Hell yeah. Maybe he’s not as much of an asshole as I thought he was.

I blink at him.

No. Wait. Wait a damn minute.

Am I actually losing it?

Sure, he’s got a soft spot for the families that lost their kids, but he’s still a criminal. He’s literally suggesting we turn this basement into a ghost-infested paranormal crime scene. We’re talking full-on spooky house with an extra side of bad energy and child-murder lore.

This man is not a hero. He is apsycho.

And I’m not even talking about what’s going to happen to the balance between life and death here anymore. This is just plain wrong.

But Nathaniel hums, tapping his chin like he’s actually considering it.

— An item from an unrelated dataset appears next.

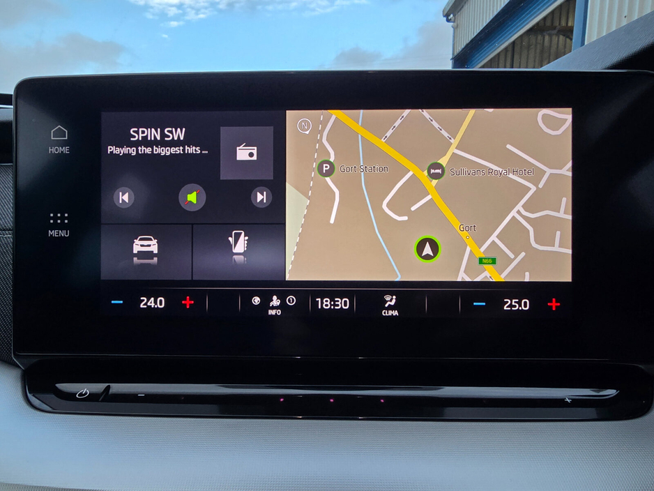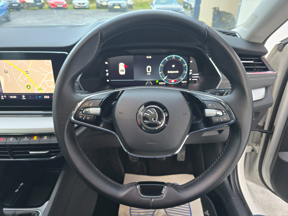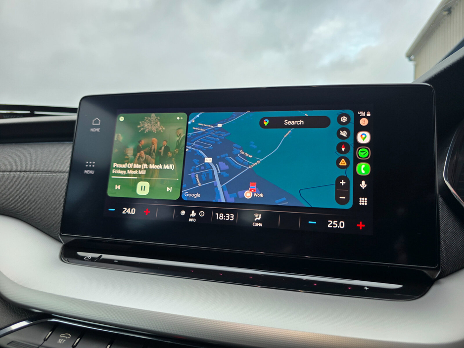 Air conditioning, Climate control, Dual zone climate control, Armrest, Keyless entry, Electric side mirrors, Electric windows, Electric handbrake, Lumbar support, Multi-function steering wheel, Rain sensor, Spare tyre, Android Auto, Apple CarPlay, Bluetooth, MP3 compatible, 12v power outlet, Radio, Touch screen display, USB connection (front), Wifi, Cruise control, Hill hold assist, Navigation system, Parking camera, Rear parking sensors, Remote boot release, Speed limiter, Start-stop system, Voice control, Digital instrument panel, Alloy wheels, Leather steering wheel, Auto lights (dusk sensor), Daytime running lights, LED headlights, ABS, Anti collision system, Emergency brake assist, Central locking, Driver-side airbag, Immobilizer, Isofix, Lane departure warning, Tyre pressure monitor, Passenger-side airbag, Seat belt warning, Side airbag, Stability control, Traction control
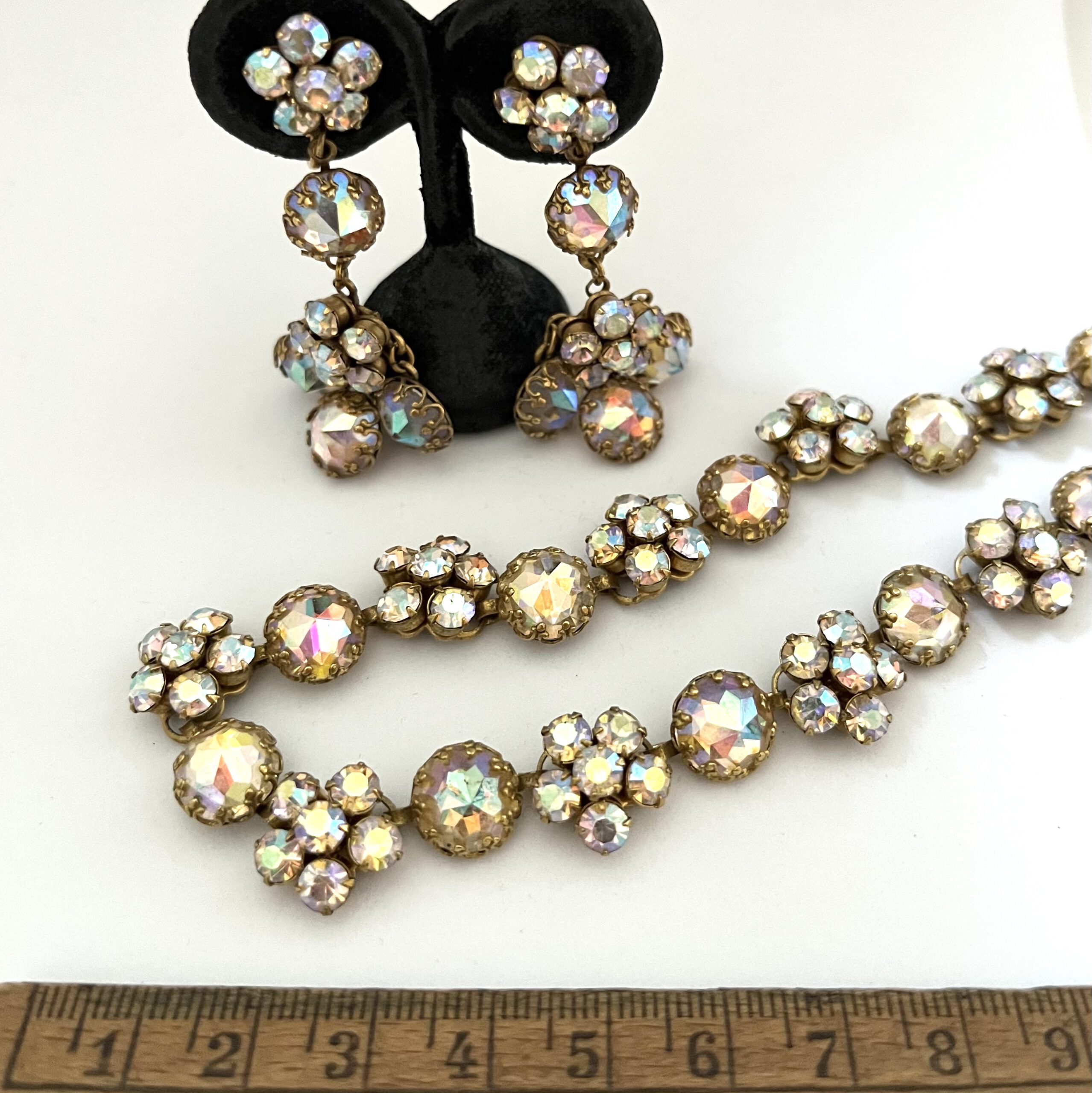 Größe: Ohrclips 5,8 x 2,5 cm – Collier 1,3 x 43 cm Material: Goldfarbene Metallfassung, irisierender Strass Artikelnummer: SE068

“Clever,” he muses. “But difficult. You know soul binding within walls of a building is a fickle matter. Sooner or later, this building will perish, and she'll get free. We don't want any hauntings.”

Hauntings.

I swear I feel the temperature drop ten degrees.

Listen, I may not have a PhD in Black Magic Fuckery, but even I know that when you start casually discussing trapping souls like they’re fireflies, you’ve gone off the deep end.

The only thing I do know? This is a catastrophically bad idea.

“We could figure it out,” Cassian insists. “We could try breaking her first. Maybe we don’t kill her right away. Maybe we take pieces of her, one by one, like she did to those kids. Maybe we—”

“Enough,” I snap.

They all turn to look at me.

I don’t know what the hell just came over me, but something in Cassian’s tone makes my skin crawl. Not because I dislike him. Not because I disagree. Not because I think she deserves a shred of mercy.